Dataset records
======

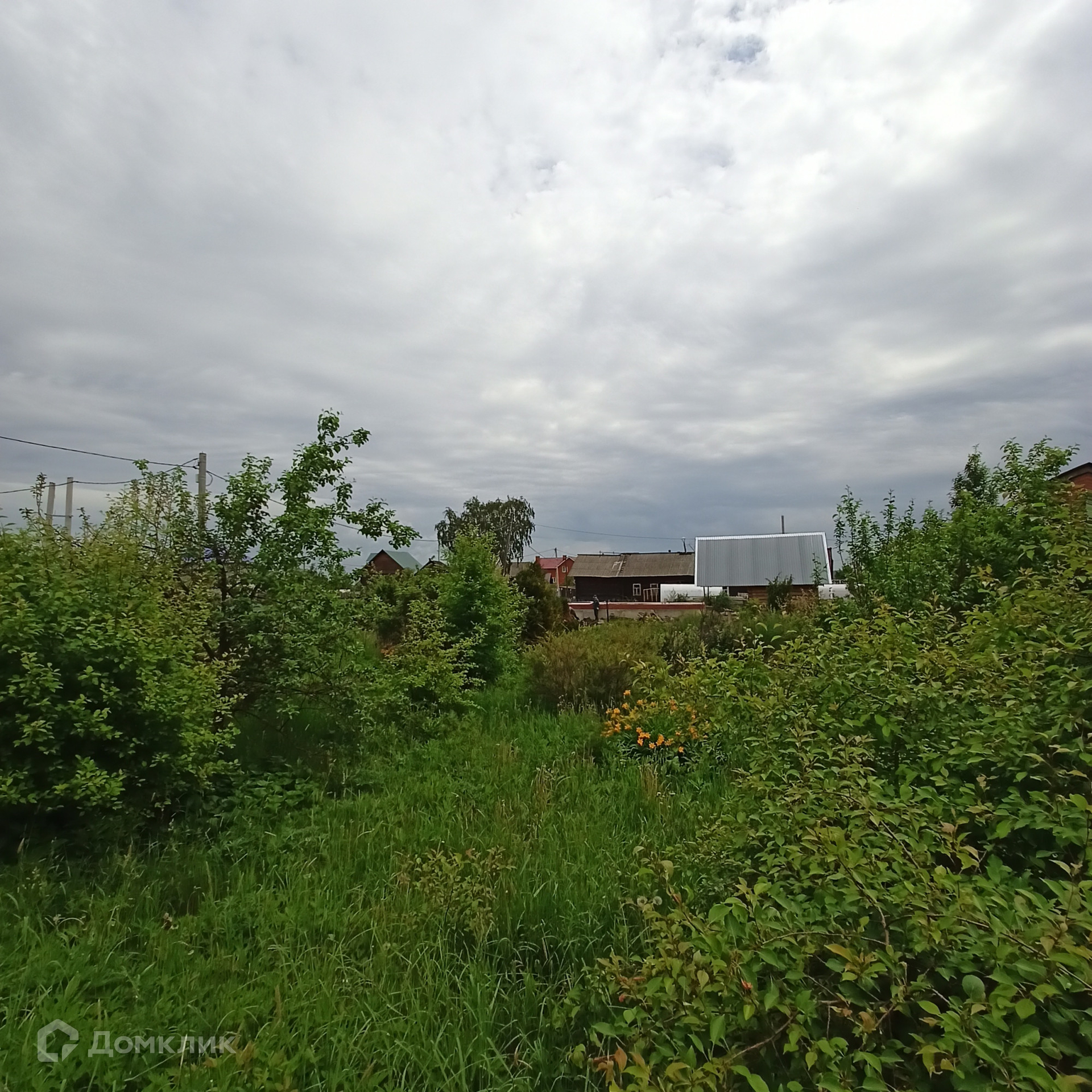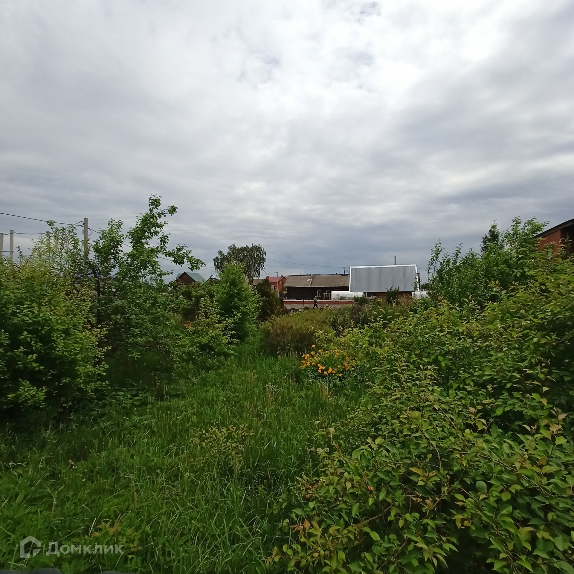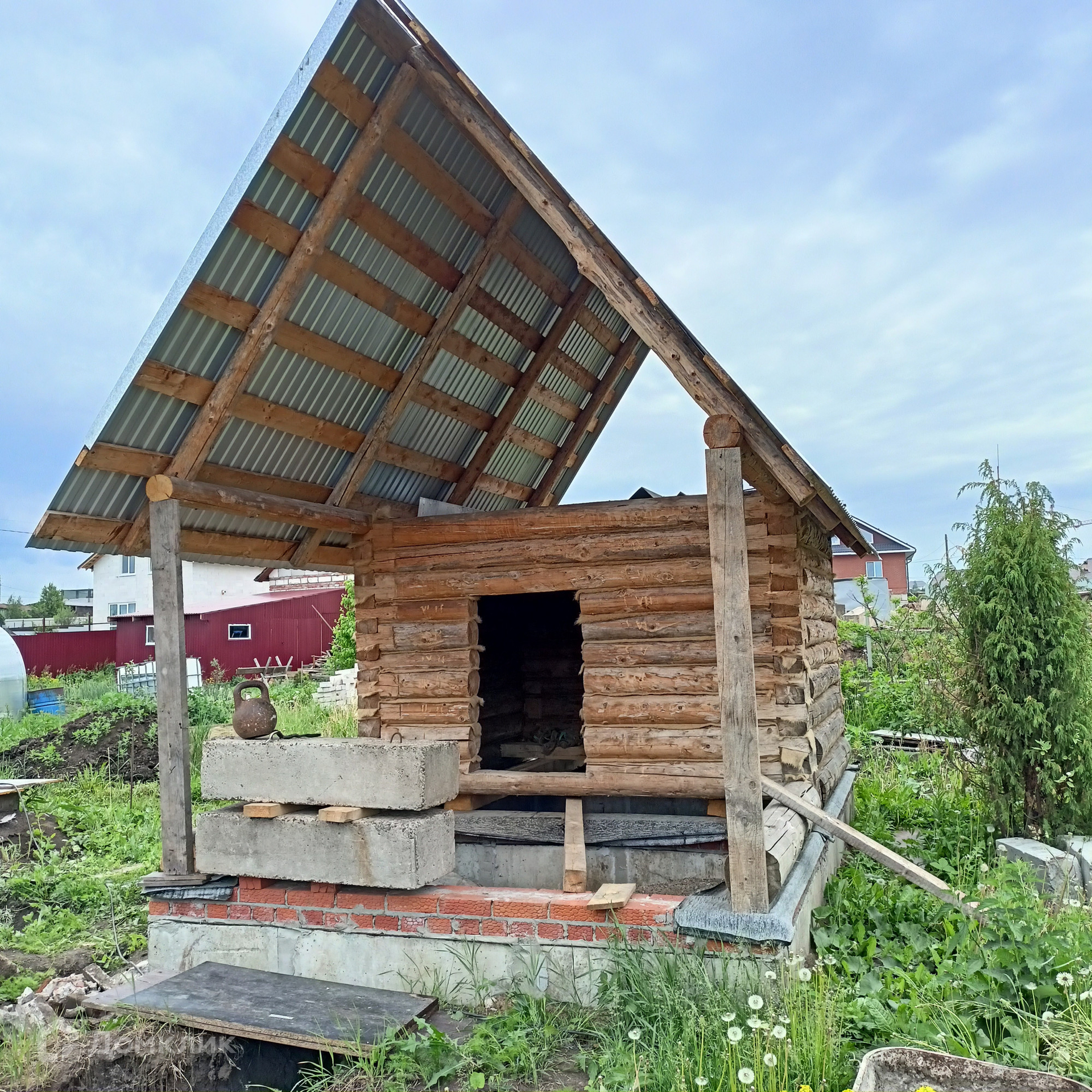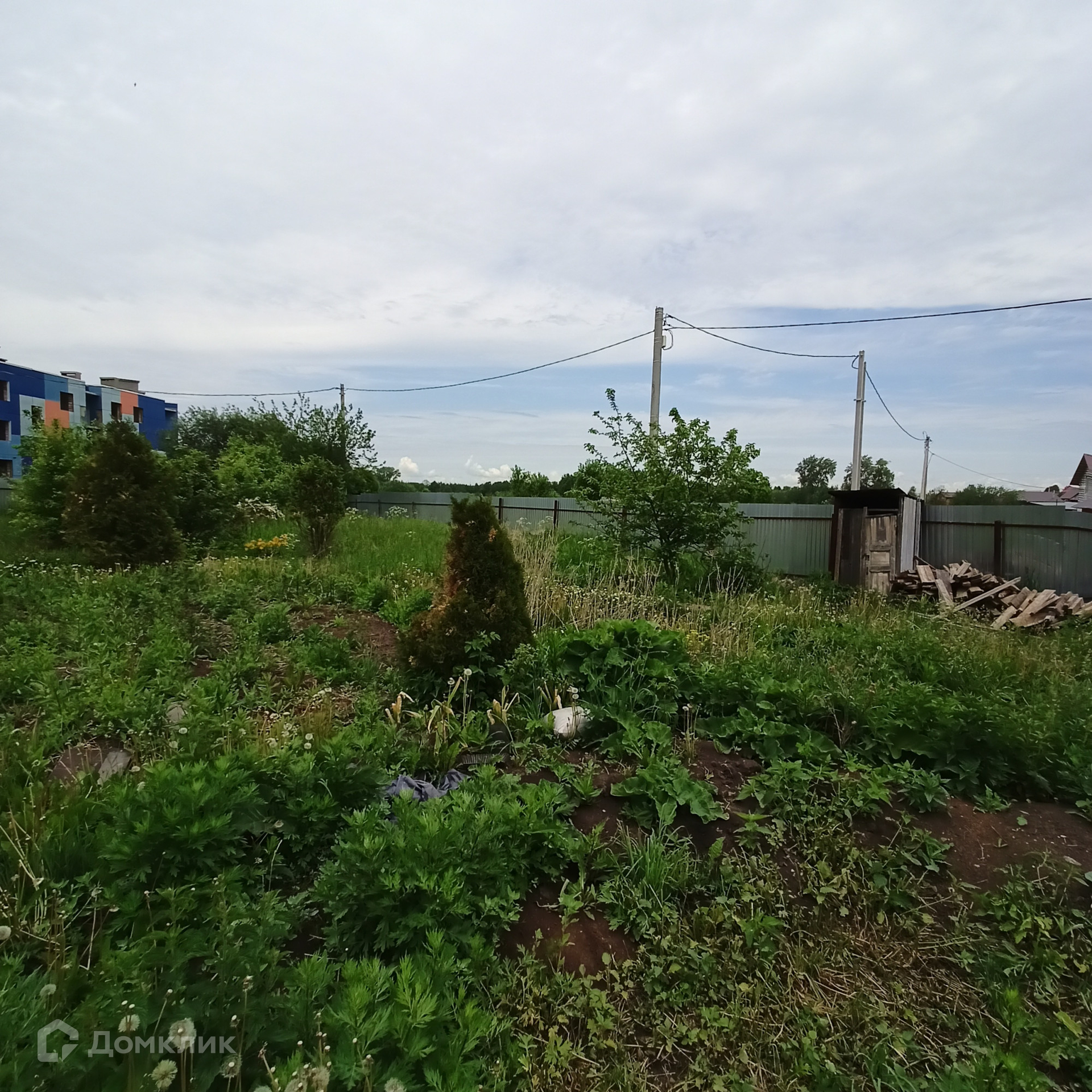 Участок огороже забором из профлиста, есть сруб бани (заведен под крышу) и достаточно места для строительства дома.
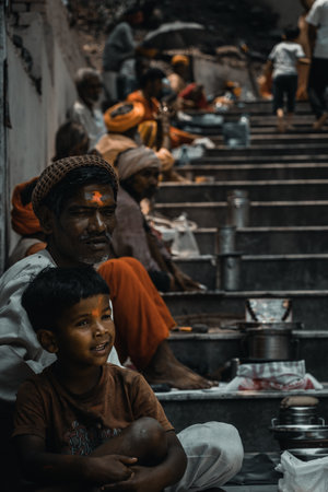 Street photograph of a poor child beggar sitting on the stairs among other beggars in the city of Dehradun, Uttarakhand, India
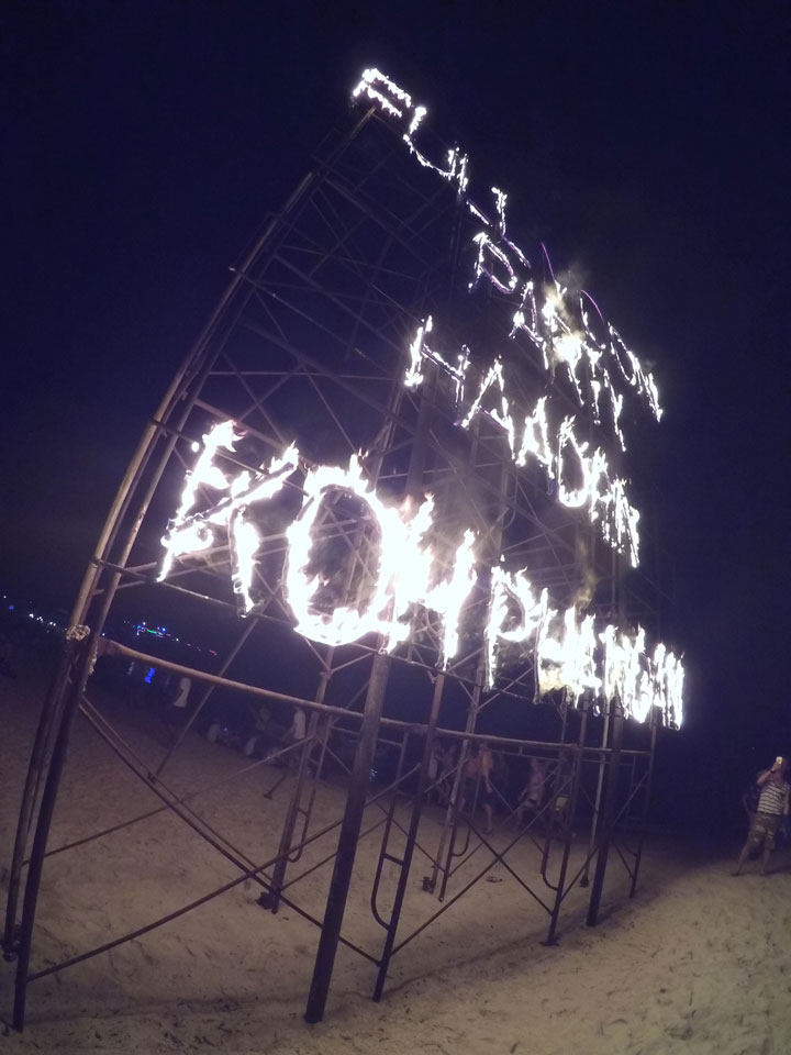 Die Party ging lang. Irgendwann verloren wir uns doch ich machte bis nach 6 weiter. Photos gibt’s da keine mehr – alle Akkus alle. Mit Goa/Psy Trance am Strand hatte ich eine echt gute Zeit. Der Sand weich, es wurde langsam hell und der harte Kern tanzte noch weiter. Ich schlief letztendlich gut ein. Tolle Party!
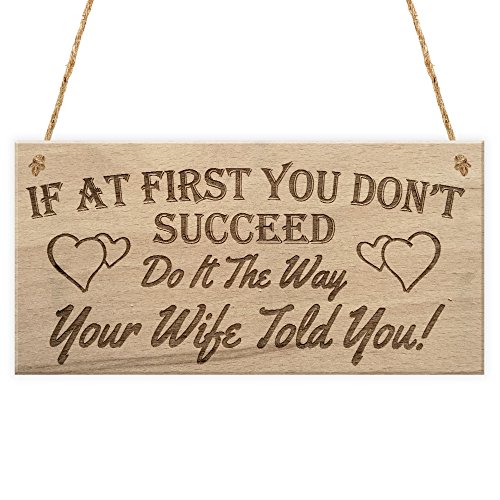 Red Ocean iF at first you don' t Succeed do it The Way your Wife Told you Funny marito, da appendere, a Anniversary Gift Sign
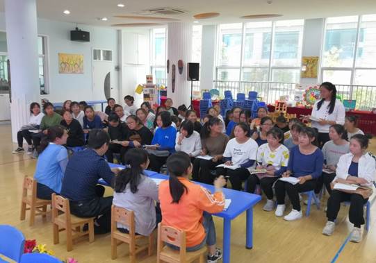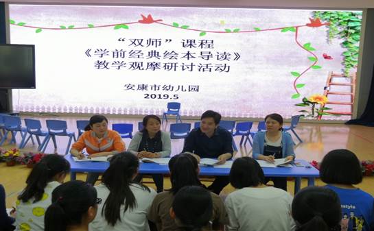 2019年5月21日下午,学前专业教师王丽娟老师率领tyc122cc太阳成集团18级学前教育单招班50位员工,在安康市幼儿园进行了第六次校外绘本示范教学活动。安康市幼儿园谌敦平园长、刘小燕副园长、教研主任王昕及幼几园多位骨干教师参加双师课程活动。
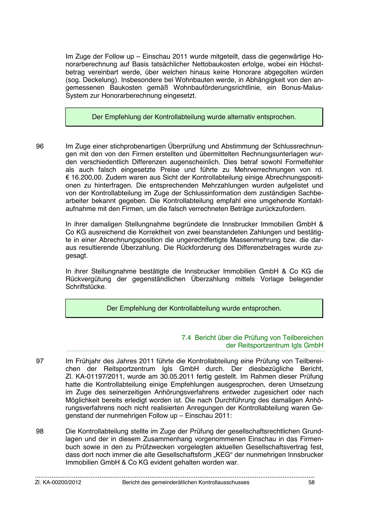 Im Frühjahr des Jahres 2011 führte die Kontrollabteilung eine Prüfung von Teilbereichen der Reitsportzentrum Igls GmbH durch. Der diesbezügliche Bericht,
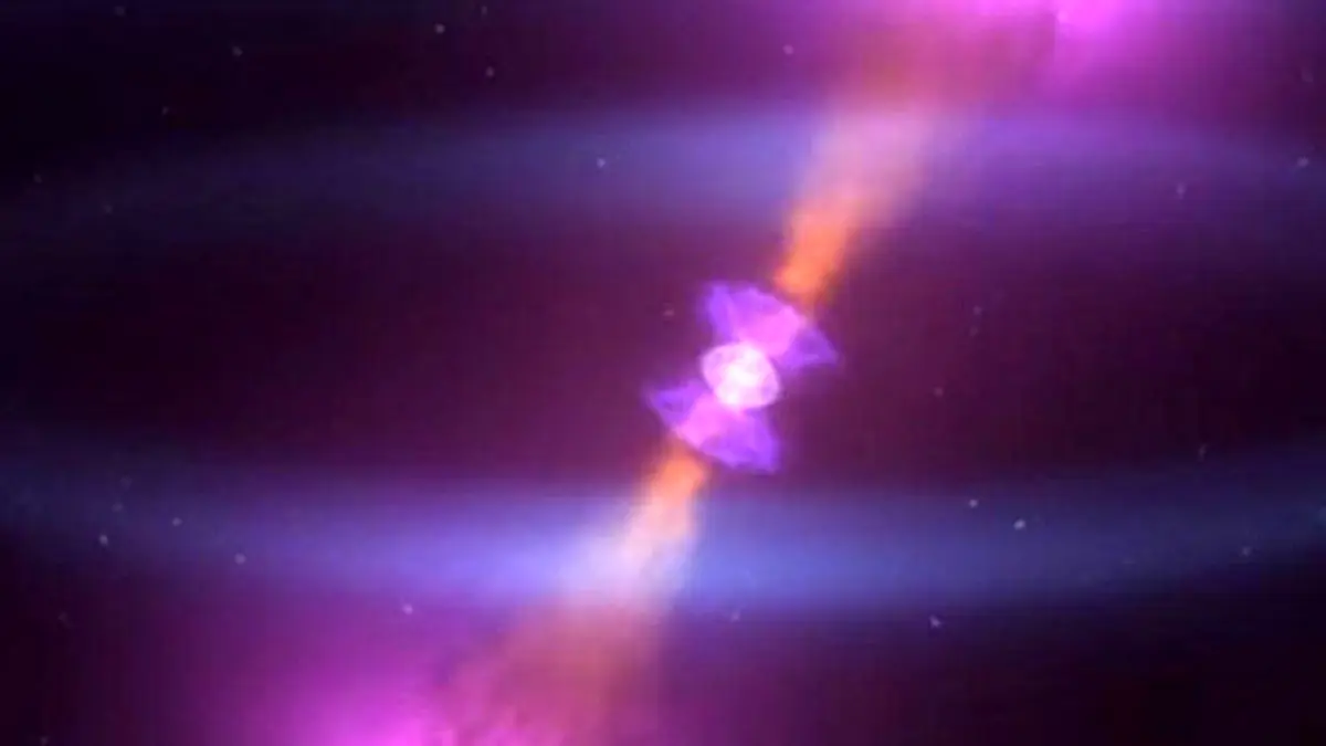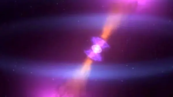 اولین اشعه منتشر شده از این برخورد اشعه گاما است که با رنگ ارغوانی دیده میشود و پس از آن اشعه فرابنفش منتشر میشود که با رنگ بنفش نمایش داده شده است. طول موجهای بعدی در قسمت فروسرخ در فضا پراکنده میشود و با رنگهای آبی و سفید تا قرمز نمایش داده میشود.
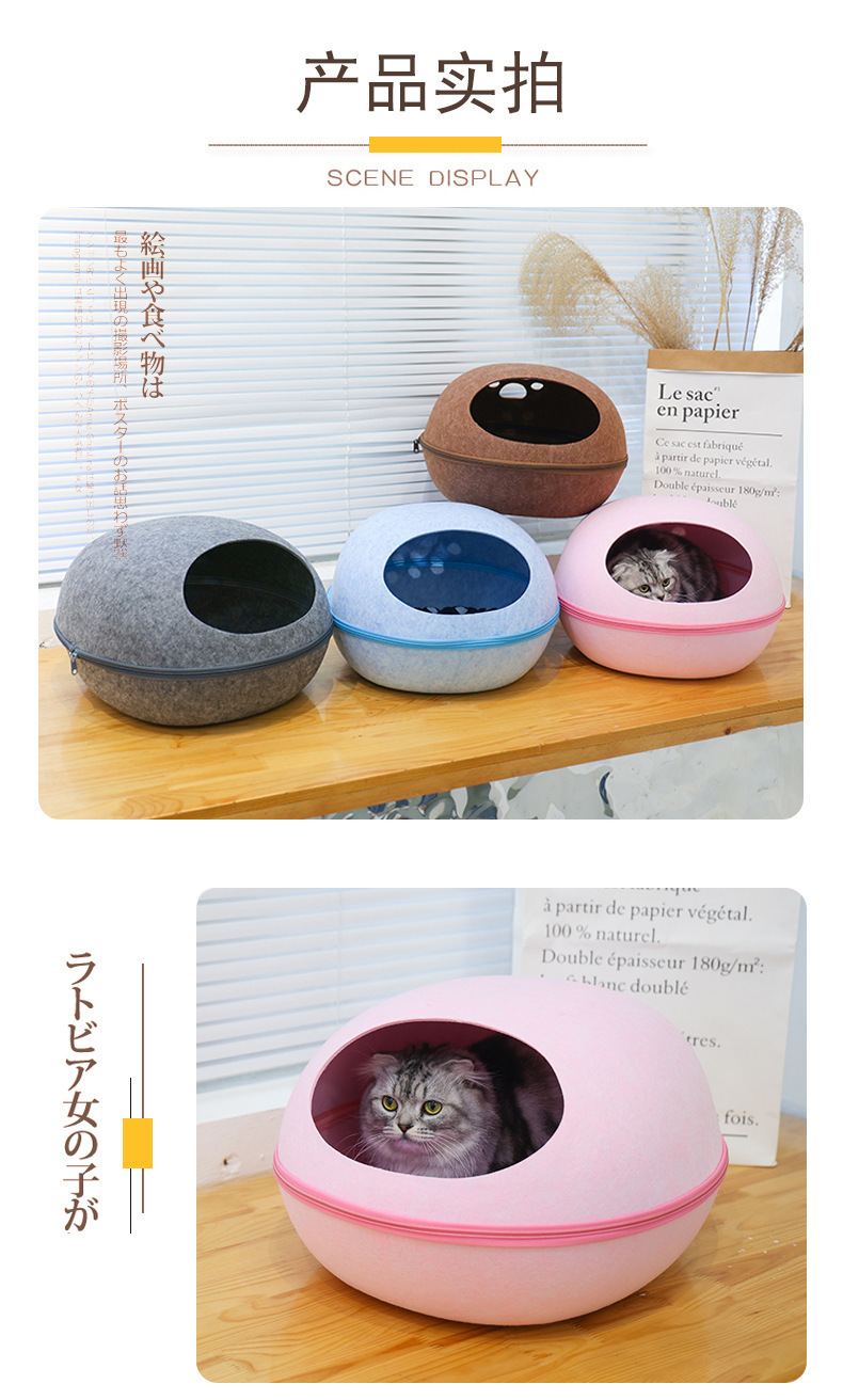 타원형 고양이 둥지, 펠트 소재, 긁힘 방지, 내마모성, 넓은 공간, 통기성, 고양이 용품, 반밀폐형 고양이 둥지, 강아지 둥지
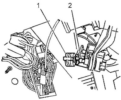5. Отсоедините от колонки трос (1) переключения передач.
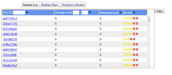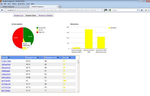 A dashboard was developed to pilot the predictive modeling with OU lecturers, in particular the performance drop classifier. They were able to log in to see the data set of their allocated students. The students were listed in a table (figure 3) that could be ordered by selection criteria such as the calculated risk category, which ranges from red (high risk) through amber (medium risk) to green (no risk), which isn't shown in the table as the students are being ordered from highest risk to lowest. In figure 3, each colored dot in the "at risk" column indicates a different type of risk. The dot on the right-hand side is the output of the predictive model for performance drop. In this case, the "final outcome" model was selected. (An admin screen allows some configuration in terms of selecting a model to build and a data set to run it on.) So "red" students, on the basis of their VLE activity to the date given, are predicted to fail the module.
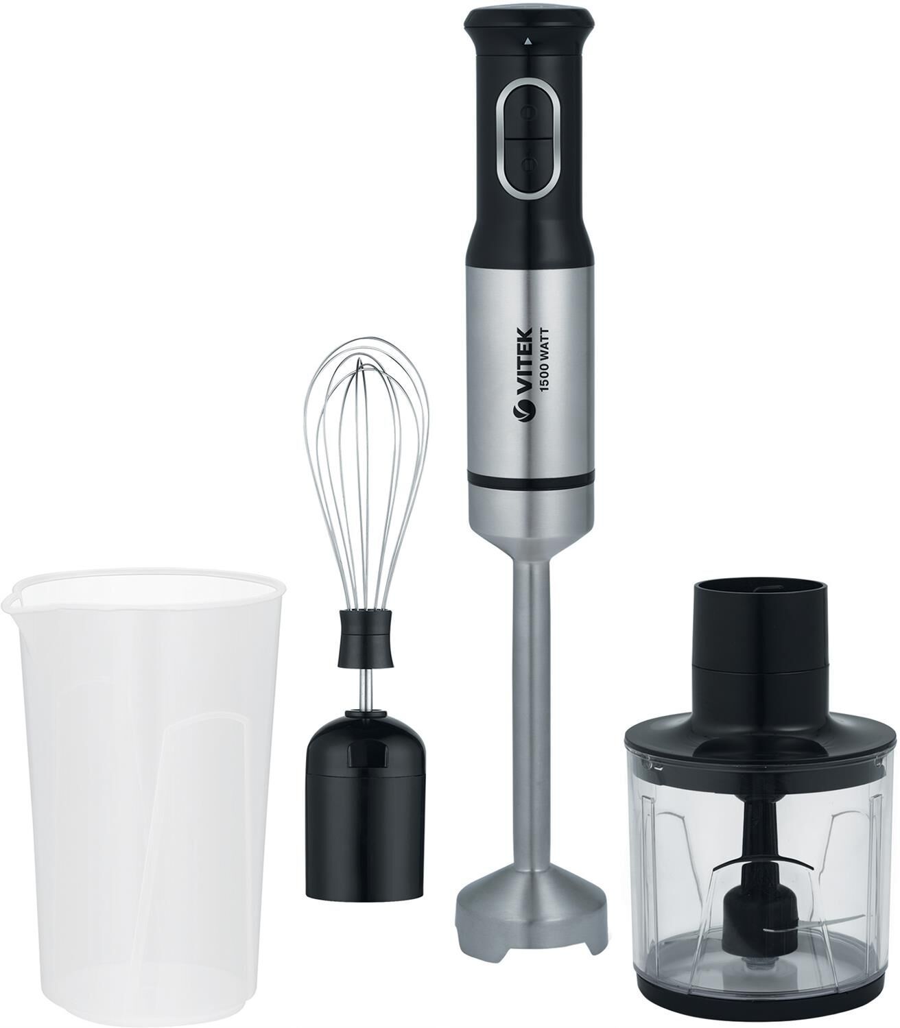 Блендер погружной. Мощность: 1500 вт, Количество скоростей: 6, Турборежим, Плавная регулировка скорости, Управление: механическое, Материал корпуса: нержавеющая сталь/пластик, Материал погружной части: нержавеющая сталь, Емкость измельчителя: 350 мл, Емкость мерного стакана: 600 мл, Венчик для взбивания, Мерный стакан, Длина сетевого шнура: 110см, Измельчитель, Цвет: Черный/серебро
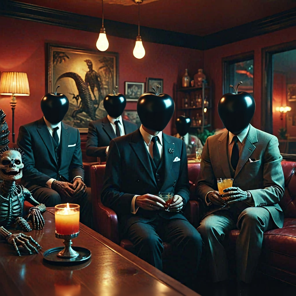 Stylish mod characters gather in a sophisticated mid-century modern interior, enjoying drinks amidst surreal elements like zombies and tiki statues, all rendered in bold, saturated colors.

======

# WHAT THE TASK ASKS
Give back exactly the lines above from the one with "Die Party ging" through the one with "5. Отсоедините от", both included. Pictures don't belong in the copy.

# EXERCISE RESPONSE
 Die Party ging lang. Irgendwann verloren wir uns doch ich machte bis nach 6 weiter. Photos gibt’s da keine mehr – alle Akkus alle. Mit Goa/Psy Trance am Strand hatte ich eine echt gute Zeit. Der Sand weich, es wurde langsam hell und der harte Kern tanzte noch weiter. Ich schlief letztendlich gut ein. Tolle Party!
 Red Ocean iF at first you don' t Succeed do it The Way your Wife Told you Funny marito, da appendere, a Anniversary Gift Sign
 2019年5月21日下午,学前专业教师王丽娟老师率领tyc122cc太阳成集团18级学前教育单招班50位员工,在安康市幼儿园进行了第六次校外绘本示范教学活动。安康市幼儿园谌敦平园长、刘小燕副园长、教研主任王昕及幼几园多位骨干教师参加双师课程活动。
 Im Frühjahr des Jahres 2011 führte die Kontrollabteilung eine Prüfung von Teilbereichen der Reitsportzentrum Igls GmbH durch. Der diesbezügliche Bericht,
 اولین اشعه منتشر شده از این برخورد اشعه گاما است که با رنگ ارغوانی دیده میشود و پس از آن اشعه فرابنفش منتشر میشود که با رنگ بنفش نمایش داده شده است. طول موجهای بعدی در قسمت فروسرخ در فضا پراکنده میشود و با رنگهای آبی و سفید تا قرمز نمایش داده میشود.
 타원형 고양이 둥지, 펠트 소재, 긁힘 방지, 내마모성, 넓은 공간, 통기성, 고양이 용품, 반밀폐형 고양이 둥지, 강아지 둥지
5. Отсоедините от колонки трос (1) переключения передач.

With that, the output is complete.